Please restate every line below exactly, without any pictures.
======== DATA RECORDS ========
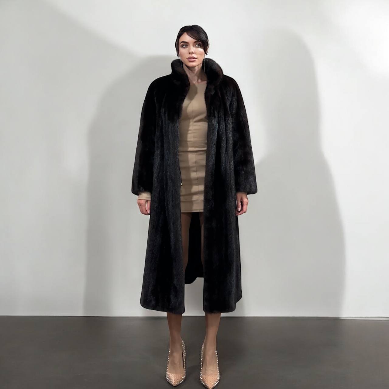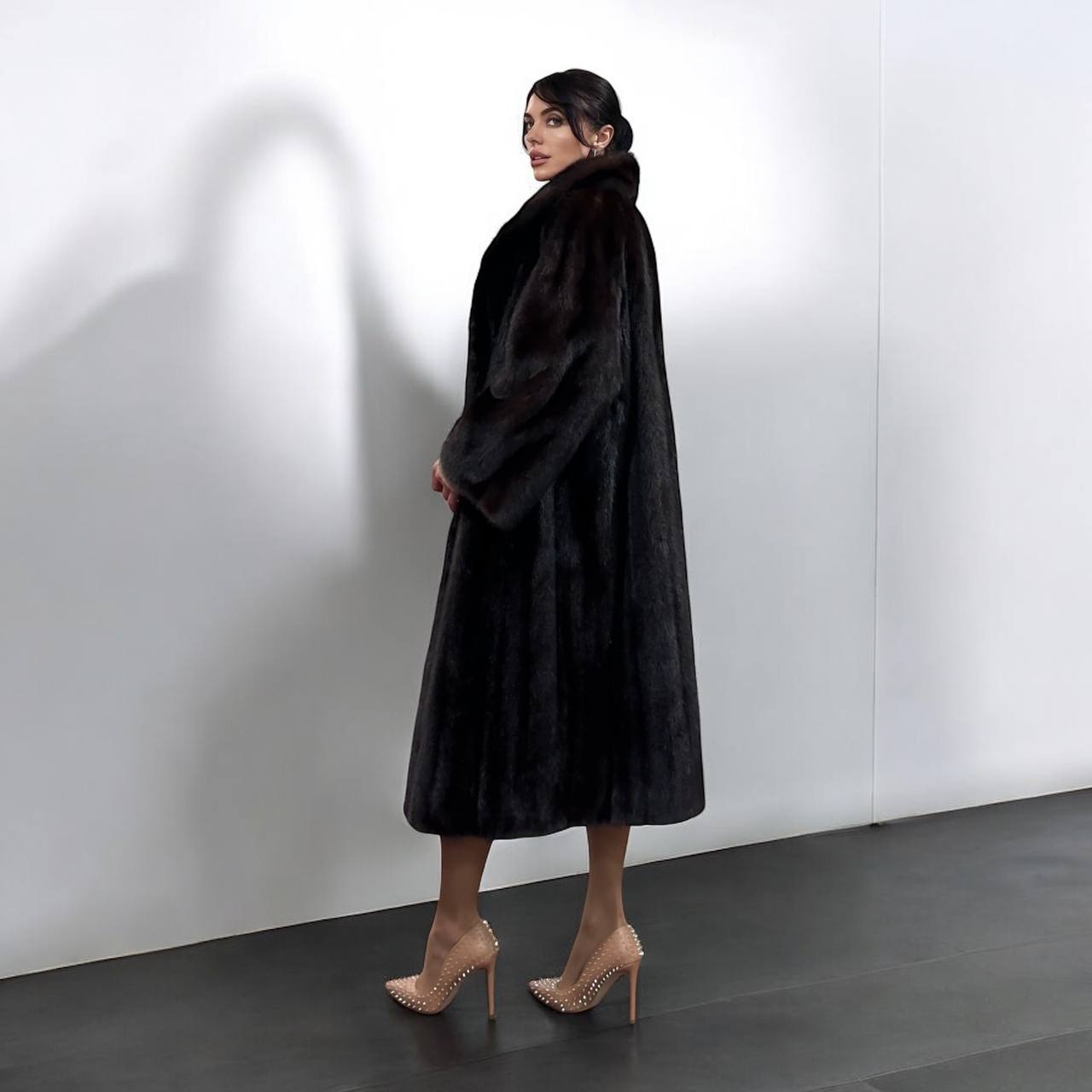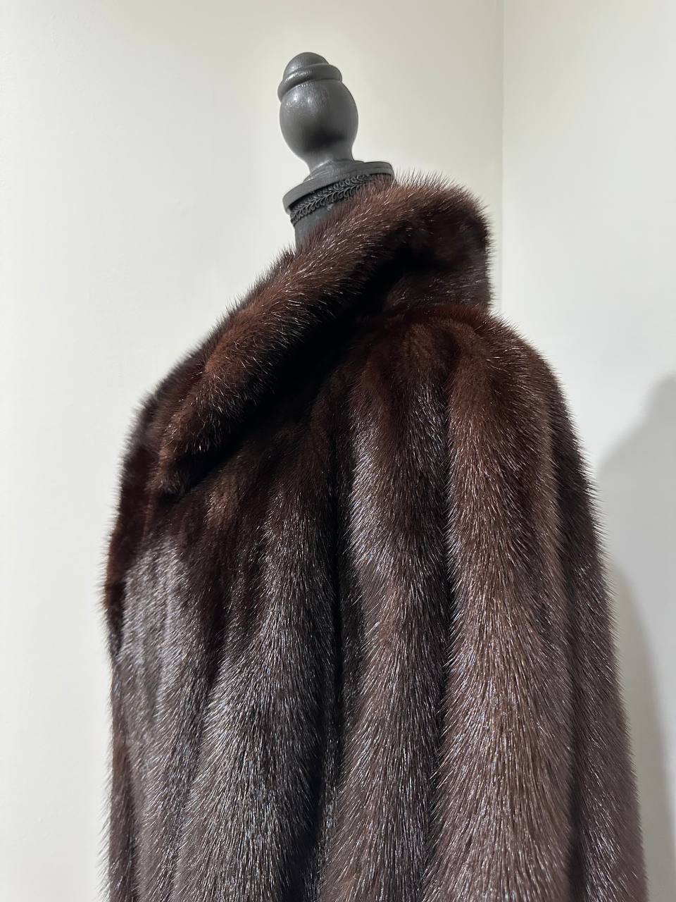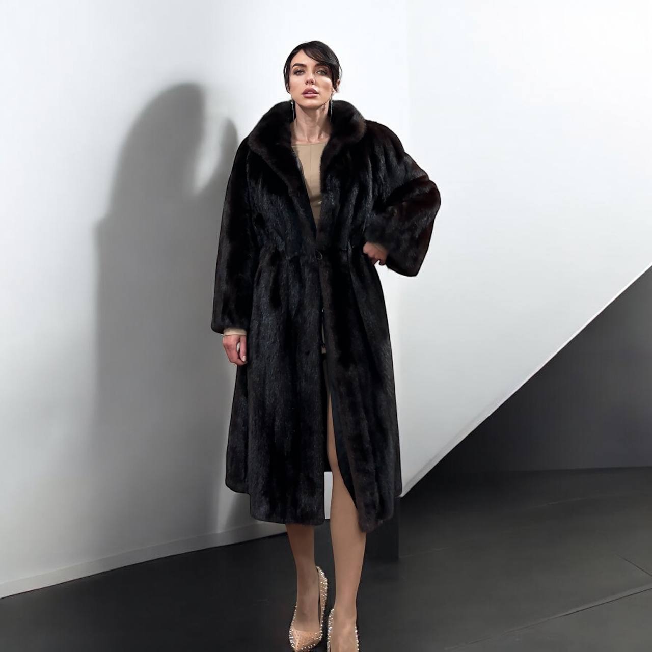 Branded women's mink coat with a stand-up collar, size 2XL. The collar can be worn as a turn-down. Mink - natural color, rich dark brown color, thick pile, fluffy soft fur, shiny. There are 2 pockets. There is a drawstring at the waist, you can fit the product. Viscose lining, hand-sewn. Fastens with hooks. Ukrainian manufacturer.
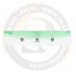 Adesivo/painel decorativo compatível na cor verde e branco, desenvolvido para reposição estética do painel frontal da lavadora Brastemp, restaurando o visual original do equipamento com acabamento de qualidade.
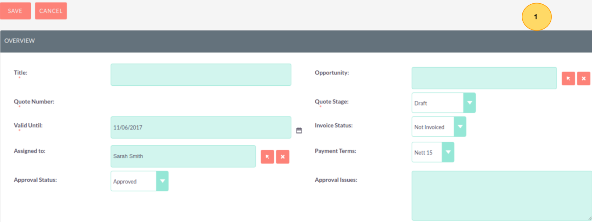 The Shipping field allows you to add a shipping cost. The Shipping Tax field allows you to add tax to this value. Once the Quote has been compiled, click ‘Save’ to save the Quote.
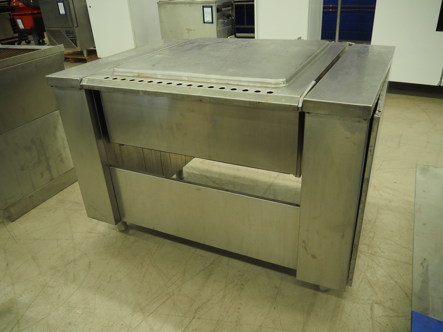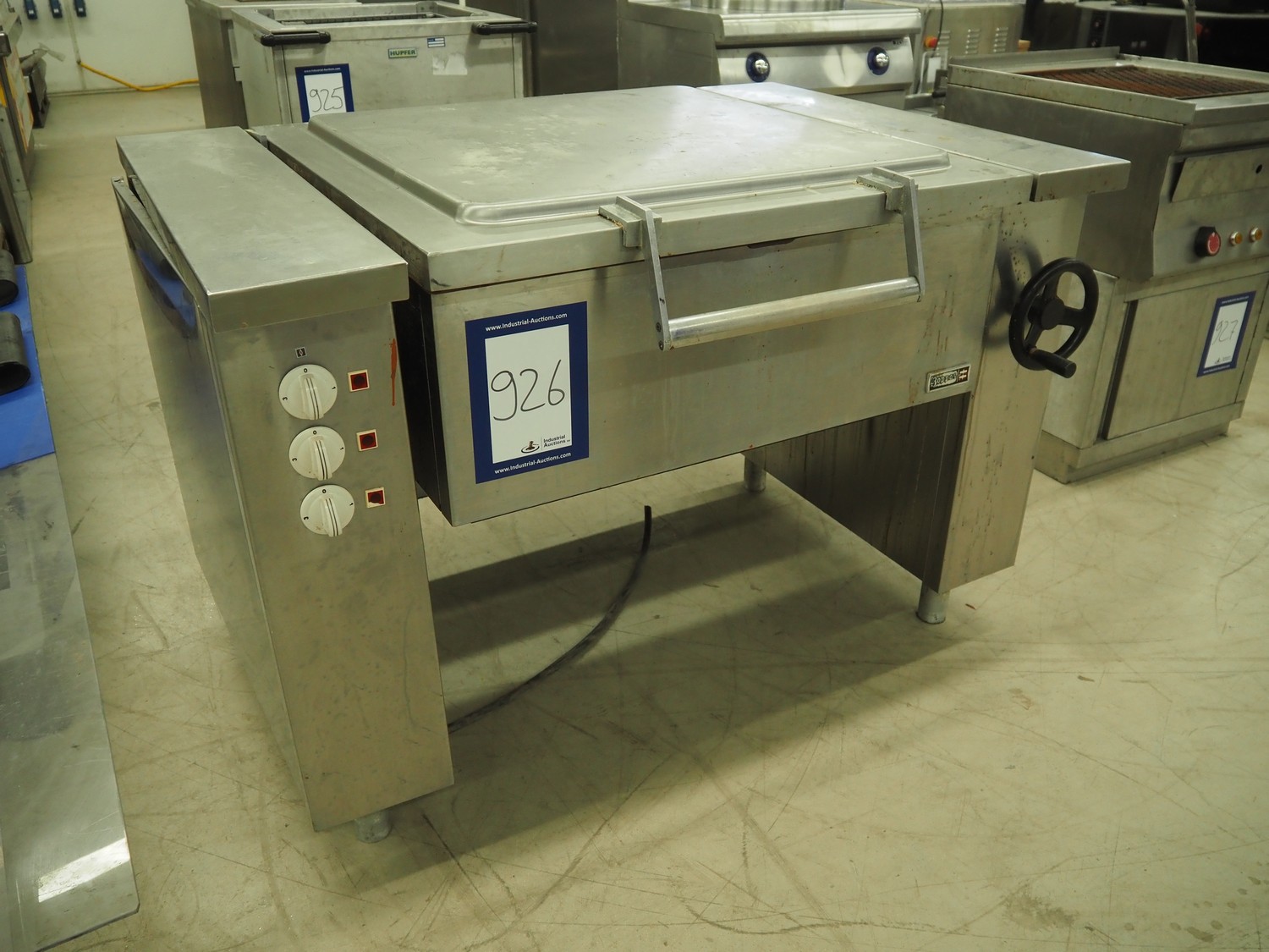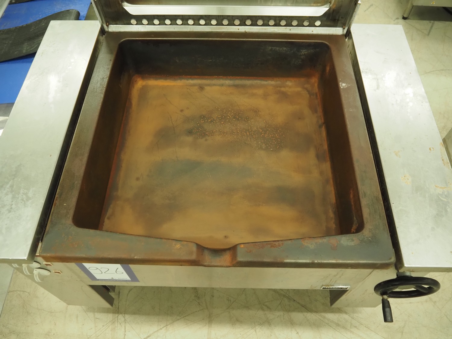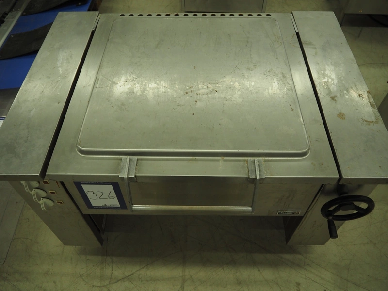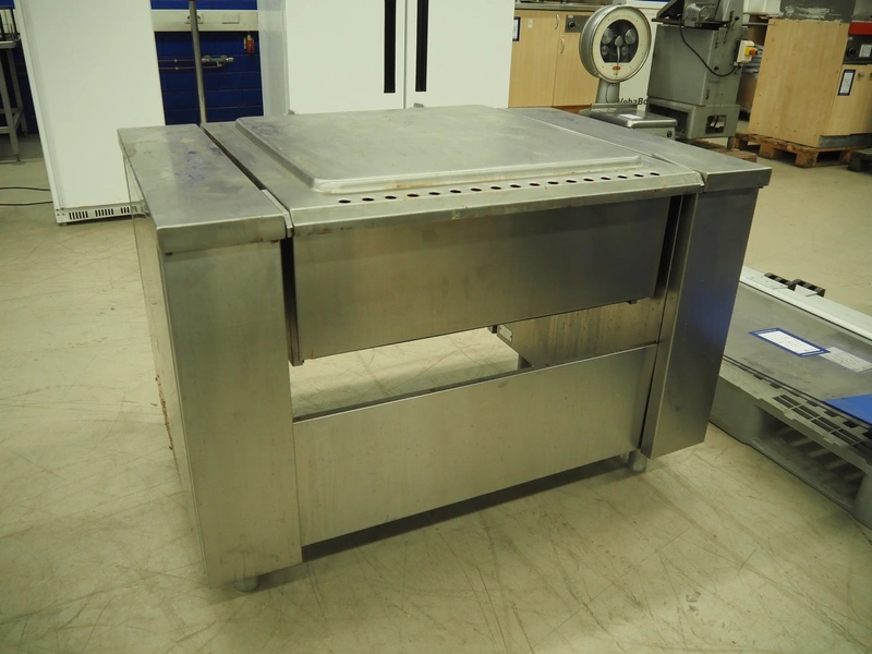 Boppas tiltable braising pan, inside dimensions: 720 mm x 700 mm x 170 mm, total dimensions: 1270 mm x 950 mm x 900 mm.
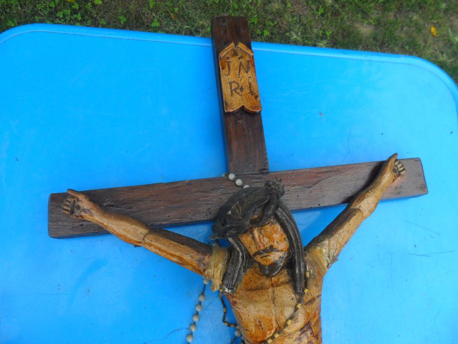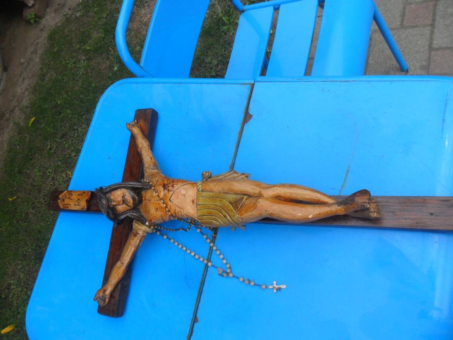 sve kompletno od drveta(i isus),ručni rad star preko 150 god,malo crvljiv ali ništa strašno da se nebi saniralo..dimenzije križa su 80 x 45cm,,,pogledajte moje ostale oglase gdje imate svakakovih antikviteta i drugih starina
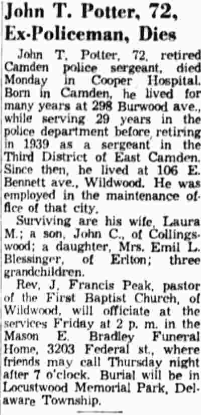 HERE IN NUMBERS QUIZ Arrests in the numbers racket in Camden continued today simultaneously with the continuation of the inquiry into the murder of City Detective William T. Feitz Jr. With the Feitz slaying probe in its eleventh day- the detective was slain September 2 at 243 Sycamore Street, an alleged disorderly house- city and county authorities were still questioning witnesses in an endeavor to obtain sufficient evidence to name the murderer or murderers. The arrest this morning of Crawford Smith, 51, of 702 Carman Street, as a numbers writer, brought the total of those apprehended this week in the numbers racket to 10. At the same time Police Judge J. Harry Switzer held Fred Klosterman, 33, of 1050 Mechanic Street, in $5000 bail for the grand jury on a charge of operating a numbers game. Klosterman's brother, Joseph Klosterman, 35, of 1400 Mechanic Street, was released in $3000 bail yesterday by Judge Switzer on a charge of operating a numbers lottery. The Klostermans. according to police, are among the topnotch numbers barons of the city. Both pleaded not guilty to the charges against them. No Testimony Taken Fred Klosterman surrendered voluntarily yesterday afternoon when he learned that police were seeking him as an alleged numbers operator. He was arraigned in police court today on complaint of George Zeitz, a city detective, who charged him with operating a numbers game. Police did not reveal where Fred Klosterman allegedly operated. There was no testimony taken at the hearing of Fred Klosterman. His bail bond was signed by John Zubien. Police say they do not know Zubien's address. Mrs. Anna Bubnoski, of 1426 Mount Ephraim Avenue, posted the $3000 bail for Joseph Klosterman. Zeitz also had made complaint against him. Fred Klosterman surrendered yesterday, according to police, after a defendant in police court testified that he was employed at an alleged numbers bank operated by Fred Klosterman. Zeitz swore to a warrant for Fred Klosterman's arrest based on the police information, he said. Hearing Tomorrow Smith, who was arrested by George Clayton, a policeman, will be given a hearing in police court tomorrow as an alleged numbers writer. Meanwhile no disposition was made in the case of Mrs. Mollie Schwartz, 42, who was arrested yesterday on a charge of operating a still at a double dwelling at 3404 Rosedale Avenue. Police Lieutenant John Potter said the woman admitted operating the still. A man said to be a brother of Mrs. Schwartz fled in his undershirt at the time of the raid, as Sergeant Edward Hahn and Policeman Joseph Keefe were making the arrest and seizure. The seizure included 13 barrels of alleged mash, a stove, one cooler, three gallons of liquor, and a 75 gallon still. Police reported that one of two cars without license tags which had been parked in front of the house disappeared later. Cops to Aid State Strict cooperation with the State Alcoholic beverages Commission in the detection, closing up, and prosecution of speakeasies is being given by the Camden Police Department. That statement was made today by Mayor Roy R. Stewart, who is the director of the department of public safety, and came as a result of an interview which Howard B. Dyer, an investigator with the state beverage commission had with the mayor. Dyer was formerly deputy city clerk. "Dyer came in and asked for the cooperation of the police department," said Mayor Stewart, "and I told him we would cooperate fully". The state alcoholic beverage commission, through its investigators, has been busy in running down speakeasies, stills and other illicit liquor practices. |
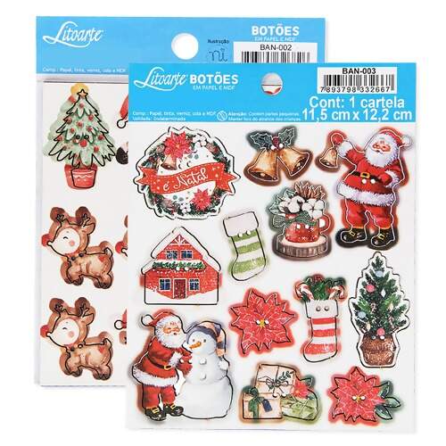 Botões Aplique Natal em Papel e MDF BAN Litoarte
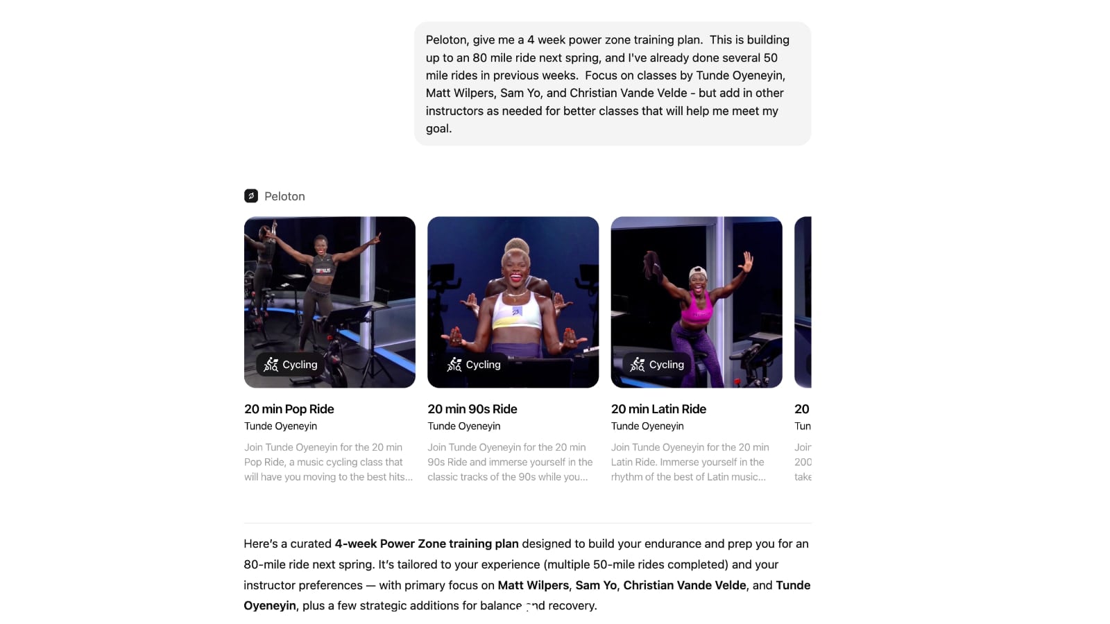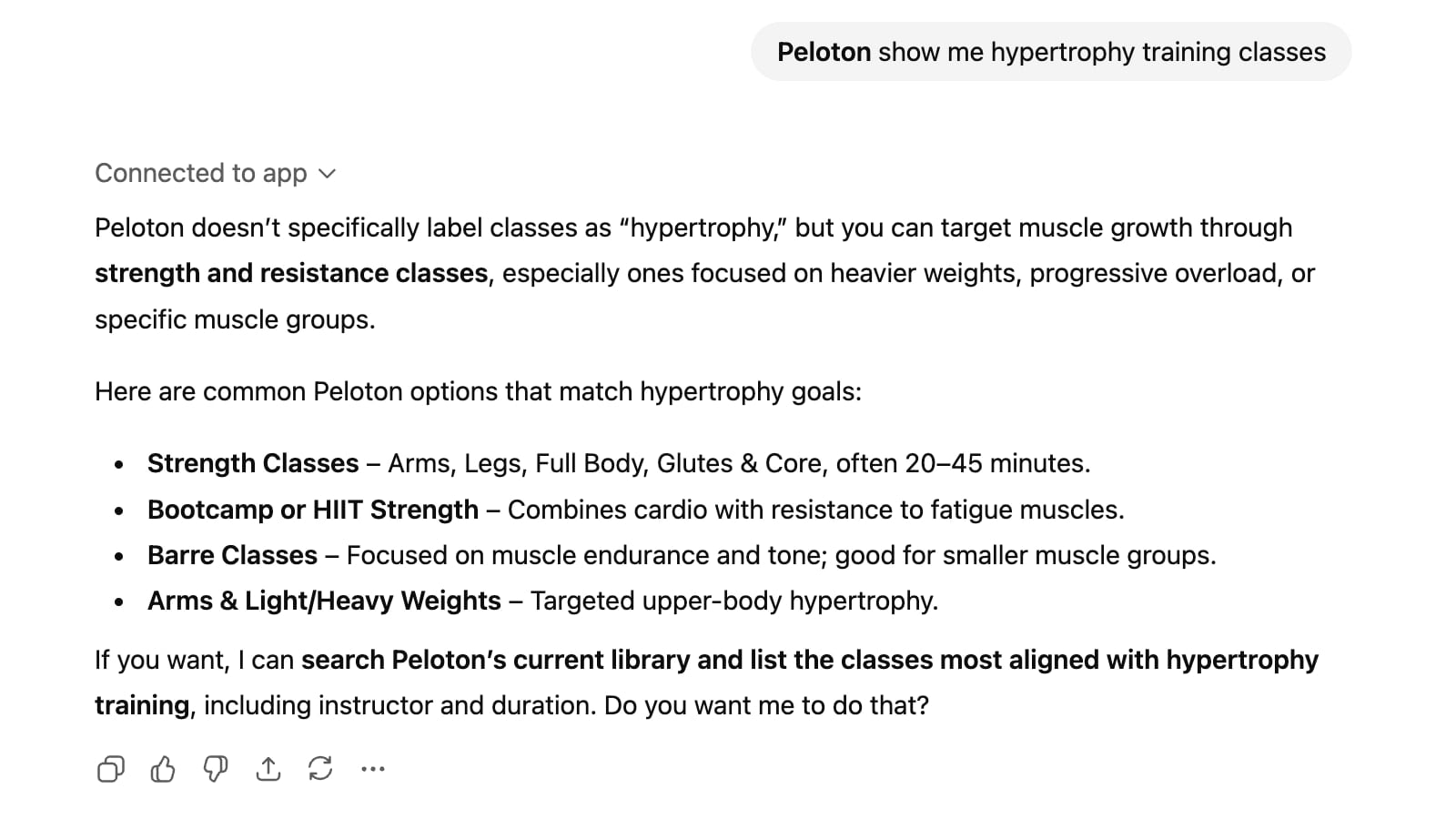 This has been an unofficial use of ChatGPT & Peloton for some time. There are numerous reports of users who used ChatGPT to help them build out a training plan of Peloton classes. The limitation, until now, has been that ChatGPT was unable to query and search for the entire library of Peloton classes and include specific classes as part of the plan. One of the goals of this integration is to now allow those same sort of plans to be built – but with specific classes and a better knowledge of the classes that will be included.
========
**EXERCISE SOLUTION:**
 Branded women's mink coat with a stand-up collar, size 2XL. The collar can be worn as a turn-down. Mink - natural color, rich dark brown color, thick pile, fluffy soft fur, shiny. There are 2 pockets. There is a drawstring at the waist, you can fit the product. Viscose lining, hand-sewn. Fastens with hooks. Ukrainian manufacturer.
 Adesivo/painel decorativo compatível na cor verde e branco, desenvolvido para reposição estética do painel frontal da lavadora Brastemp, restaurando o visual original do equipamento com acabamento de qualidade.
 The Shipping field allows you to add a shipping cost. The Shipping Tax field allows you to add tax to this value. Once the Quote has been compiled, click ‘Save’ to save the Quote.
 Boppas tiltable braising pan, inside dimensions: 720 mm x 700 mm x 170 mm, total dimensions: 1270 mm x 950 mm x 900 mm.
 sve kompletno od drveta(i isus),ručni rad star preko 150 god,malo crvljiv ali ništa strašno da se nebi saniralo..dimenzije križa su 80 x 45cm,,,pogledajte moje ostale oglase gdje imate svakakovih antikviteta i drugih starina
 HERE IN NUMBERS QUIZ Arrests in the numbers racket in Camden continued today simultaneously with the continuation of the inquiry into the murder of City Detective William T. Feitz Jr. With the Feitz slaying probe in its eleventh day- the detective was slain September 2 at 243 Sycamore Street, an alleged disorderly house- city and county authorities were still questioning witnesses in an endeavor to obtain sufficient evidence to name the murderer or murderers. The arrest this morning of Crawford Smith, 51, of 702 Carman Street, as a numbers writer, brought the total of those apprehended this week in the numbers racket to 10. At the same time Police Judge J. Harry Switzer held Fred Klosterman, 33, of 1050 Mechanic Street, in $5000 bail for the grand jury on a charge of operating a numbers game. Klosterman's brother, Joseph Klosterman, 35, of 1400 Mechanic Street, was released in $3000 bail yesterday by Judge Switzer on a charge of operating a numbers lottery. The Klostermans. according to police, are among the topnotch numbers barons of the city. Both pleaded not guilty to the charges against them. No Testimony Taken Fred Klosterman surrendered voluntarily yesterday afternoon when he learned that police were seeking him as an alleged numbers operator. He was arraigned in police court today on complaint of George Zeitz, a city detective, who charged him with operating a numbers game. Police did not reveal where Fred Klosterman allegedly operated. There was no testimony taken at the hearing of Fred Klosterman. His bail bond was signed by John Zubien. Police say they do not know Zubien's address. Mrs. Anna Bubnoski, of 1426 Mount Ephraim Avenue, posted the $3000 bail for Joseph Klosterman. Zeitz also had made complaint against him. Fred Klosterman surrendered yesterday, according to police, after a defendant in police court testified that he was employed at an alleged numbers bank operated by Fred Klosterman. Zeitz swore to a warrant for Fred Klosterman's arrest based on the police information, he said. Hearing Tomorrow Smith, who was arrested by George Clayton, a policeman, will be given a hearing in police court tomorrow as an alleged numbers writer. Meanwhile no disposition was made in the case of Mrs. Mollie Schwartz, 42, who was arrested yesterday on a charge of operating a still at a double dwelling at 3404 Rosedale Avenue. Police Lieutenant John Potter said the woman admitted operating the still. A man said to be a brother of Mrs. Schwartz fled in his undershirt at the time of the raid, as Sergeant Edward Hahn and Policeman Joseph Keefe were making the arrest and seizure. The seizure included 13 barrels of alleged mash, a stove, one cooler, three gallons of liquor, and a 75 gallon still. Police reported that one of two cars without license tags which had been parked in front of the house disappeared later. Cops to Aid State Strict cooperation with the State Alcoholic beverages Commission in the detection, closing up, and prosecution of speakeasies is being given by the Camden Police Department. That statement was made today by Mayor Roy R. Stewart, who is the director of the department of public safety, and came as a result of an interview which Howard B. Dyer, an investigator with the state beverage commission had with the mayor. Dyer was formerly deputy city clerk. "Dyer came in and asked for the cooperation of the police department," said Mayor Stewart, "and I told him we would cooperate fully". The state alcoholic beverage commission, through its investigators, has been busy in running down speakeasies, stills and other illicit liquor practices. |
 Botões Aplique Natal em Papel e MDF BAN Litoarte
 This has been an unofficial use of ChatGPT & Peloton for some time. There are numerous reports of users who used ChatGPT to help them build out a training plan of Peloton classes. The limitation, until now, has been that ChatGPT was unable to query and search for the entire library of Peloton classes and include specific classes as part of the plan. One of the goals of this integration is to now allow those same sort of plans to be built – but with specific classes and a better knowledge of the classes that will be included.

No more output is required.